▶ PROBLEM TO SOLVE
Each line from the one containing "Uzun süredir içerisinde" through the last line of the data below should be printed exactly, please, with any pictures omitted.

(Beginning of SUPPLIED INFORMATION)

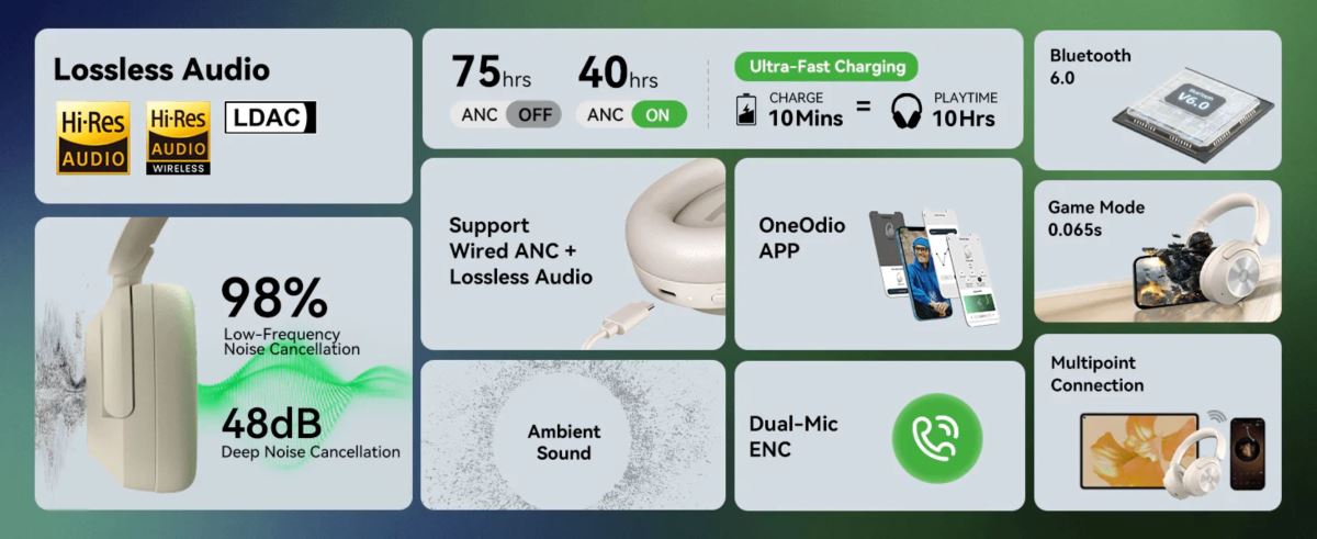Block out the chaos. Drop into your zone. — With hybrid ANC up to -48dB, surrounding Cinema Mode, and Hi-Res audio with LDAC, the Focus A6 keeps your sound bold and your style sharp. Personalize your vibe with the smart app. Stay connected with Bluetooth 6.0 dual pairing. Power through your week with up to 75 hours of playtime.
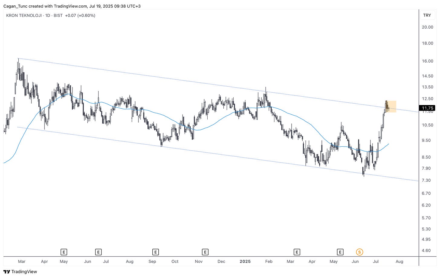 Uzun süredir içerisinde bulunduğu düşen kanal alt bandından destek bularak önemli bir yükseliş başlatan hisse senedi, kanal üst bandında dinleniyor. Turuncu ile gösterdiğim bölgeden hacimli bir mumla çıkabilirse yukarı yönlü hareket devam edebilir.
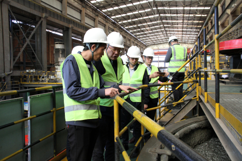 在选矿车间,大屯锡矿副经理莫峰热情接待了到访的来宾。经过入厂安全培训之后,来宾们进入了秩序井然的生产车间,选矿车间的陪同人员介绍了车间的产能、工艺流程、科技创新等方面情况,在听取介绍和实地参观后来宾们对于规范整洁的作业环境给予了充分肯定,而大型化、自动化设备的广泛运用也给他们留下了深刻的印象。
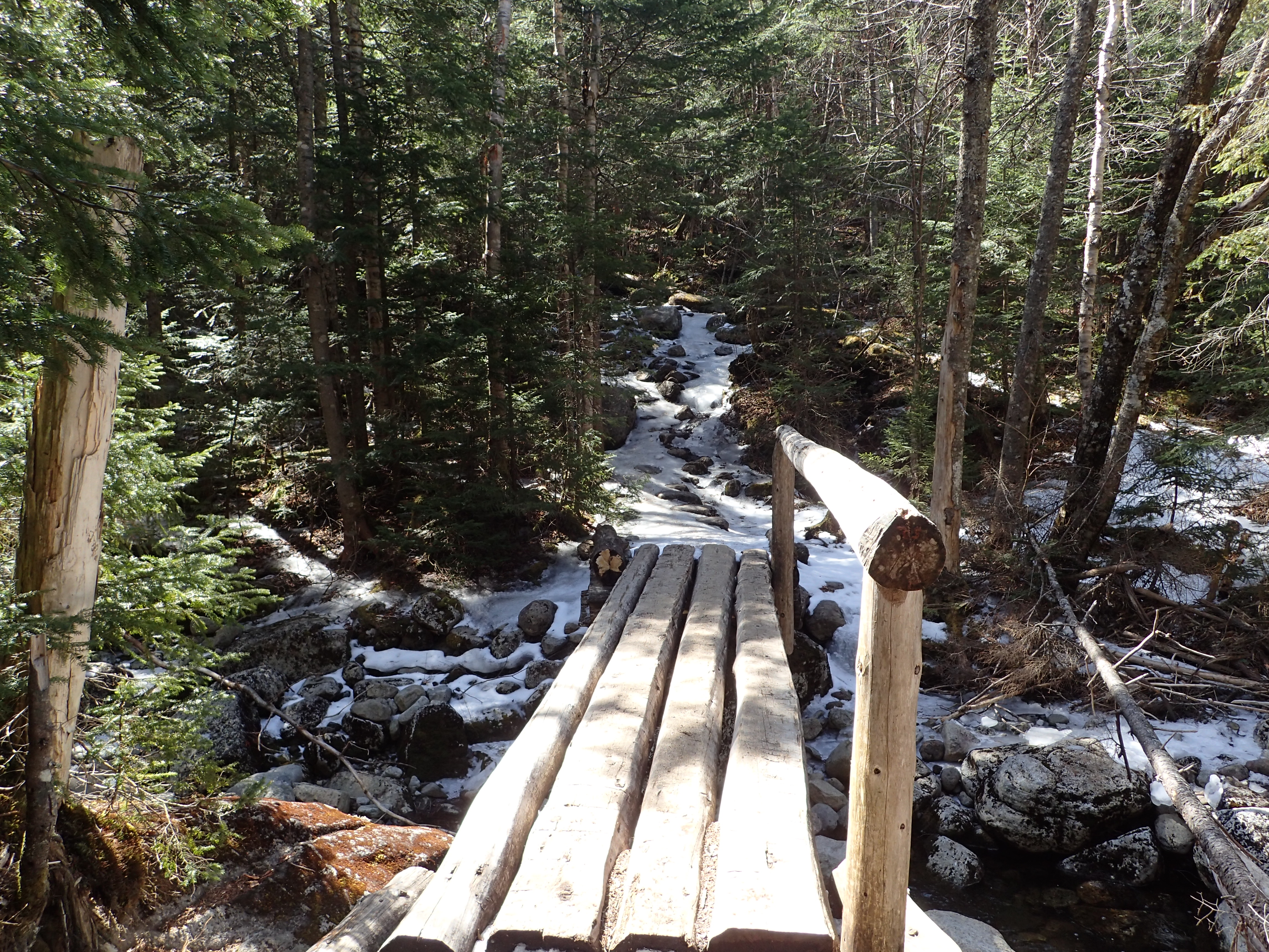 Before too long we reached the short bridge crossing over the brook. From here the elevation gain really began and we decided it was time to put on our spikes as the ice was clearly much worse from here.

(End of SUPPLIED INFORMATION)

▶ SOLUTION TO THE EXERCISE
 Uzun süredir içerisinde bulunduğu düşen kanal alt bandından destek bularak önemli bir yükseliş başlatan hisse senedi, kanal üst bandında dinleniyor. Turuncu ile gösterdiğim bölgeden hacimli bir mumla çıkabilirse yukarı yönlü hareket devam edebilir.
 在选矿车间,大屯锡矿副经理莫峰热情接待了到访的来宾。经过入厂安全培训之后,来宾们进入了秩序井然的生产车间,选矿车间的陪同人员介绍了车间的产能、工艺流程、科技创新等方面情况,在听取介绍和实地参观后来宾们对于规范整洁的作业环境给予了充分肯定,而大型化、自动化设备的广泛运用也给他们留下了深刻的印象。
 Before too long we reached the short bridge crossing over the brook. From here the elevation gain really began and we decided it was time to put on our spikes as the ice was clearly much worse from here.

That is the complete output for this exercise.